Now, as an adult with an obsessive need to get every damn thing right, vintage tooling issues present an endless list of problems to solve. Let's start with the interior! Modern kits have interiors that come in pieces, making them easier to mask and paint, but for these oldies, the interior is almost always a tub. The 69 Chevelle tub is a disaster! It has huge
ejector pin marks in plain sight (remember this is a convertible!) and inner door panel detail that is almost non-existent and too 2-dimensional.
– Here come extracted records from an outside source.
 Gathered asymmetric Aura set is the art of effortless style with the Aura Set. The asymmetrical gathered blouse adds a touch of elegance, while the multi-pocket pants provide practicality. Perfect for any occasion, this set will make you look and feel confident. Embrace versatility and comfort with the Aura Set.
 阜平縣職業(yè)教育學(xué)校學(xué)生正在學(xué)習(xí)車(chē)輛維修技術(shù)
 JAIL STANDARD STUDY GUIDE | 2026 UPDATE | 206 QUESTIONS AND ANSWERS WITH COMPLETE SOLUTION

Next problem: flash and a general lack of crispness in the molding process. Flash is when the plastic runs between the 2 halves of the mold during the injection process. General lack of crispness, well I am not sure why that happens, and perhaps this was an issue back in 1971 and I never noticed. Some more modern kits have flash issues; the
Ford F1 pickup speed build had a lot of it, but on these old AMT kits, it's just ridiculous! All the molding here is pretty bad. Everything, and I mean
everything, will have to be carefully sanded, filed, and cleaned up.
And--the dreaded "chrome headlights". Yuck! Changing this out for "real" scale lenses (yes I know that's an oxymoron) will be a real challenge.
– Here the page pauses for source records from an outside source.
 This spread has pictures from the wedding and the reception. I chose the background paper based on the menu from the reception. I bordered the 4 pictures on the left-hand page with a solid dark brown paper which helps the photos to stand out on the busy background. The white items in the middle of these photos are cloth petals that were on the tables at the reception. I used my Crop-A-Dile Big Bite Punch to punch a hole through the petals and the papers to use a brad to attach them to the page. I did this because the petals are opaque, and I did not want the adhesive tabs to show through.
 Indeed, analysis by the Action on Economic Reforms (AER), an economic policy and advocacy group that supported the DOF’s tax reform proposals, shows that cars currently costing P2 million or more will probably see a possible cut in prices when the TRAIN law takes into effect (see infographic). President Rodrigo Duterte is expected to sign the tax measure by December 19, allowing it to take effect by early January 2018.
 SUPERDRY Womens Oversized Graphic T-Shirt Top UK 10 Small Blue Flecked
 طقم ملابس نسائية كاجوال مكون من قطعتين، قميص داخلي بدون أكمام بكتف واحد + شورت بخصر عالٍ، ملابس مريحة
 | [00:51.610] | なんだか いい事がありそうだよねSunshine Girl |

How about:"it just plain don't fit!" This is the interior tub test fitted into the 69 Chevelle's body. That looks like a one foot scale gap to me. On these old AMT kits, I have found the hood, the trim, and exhaust system, valances (front and rear), and interior tub, just don't, well, line up, ever! If this test fit is any indication, it will be a lot of work to correct fit issues.
Finally: "It just ain't right". On these old kits, the craftsmen making the tooling got some things way
wrong, and the kit doesn't correspond to the 1:1 subject. EG! The flares on the wheel wells on the AMT 69 Chevelle are completely out to lunch! Correcting this, along with whatever other oddities I find, and I will find lots of them, I am sure, is going to be hours of work!
Now the balance sheet. There is still a cool factor about old AMT and MPC that can't be ignored. I have always felt their craftsmen loved cars, and loved this hobby, and you can tell by their work, even when they got things wrong, there is still something
really fun about it. And, as far as fixing the above mentioned issues, I have a bit more lawn money now, as an employed adult, versus when I was 12. So I can buy a couple modern tooled kits--the two Camaros you see here, and rob parts out of them to try to correct the issues with the Chevelle without taking months scratchbuilding replacement parts or making endless trips to the parts box.
So overall, why did I do this? The challenge for sure. The fact that I made a chevelle model when I was 10 and it came out pretty well and my dad, the car fiend, said he liked it. I have seen youtubes and forum entires of other modelers reviewing this kit and being disappointed with the poor quality in general and complaining about some of the issues I touch on here. Some of these Internet authors even say Round 2 is ripping us off. Not true! I will never complain that Round 2 (or AMT) makes a substandard product; Round 2 is faithfully reproducing kits that were flawed to begin with, but still super fun, and we are lucky to have this reissue at all!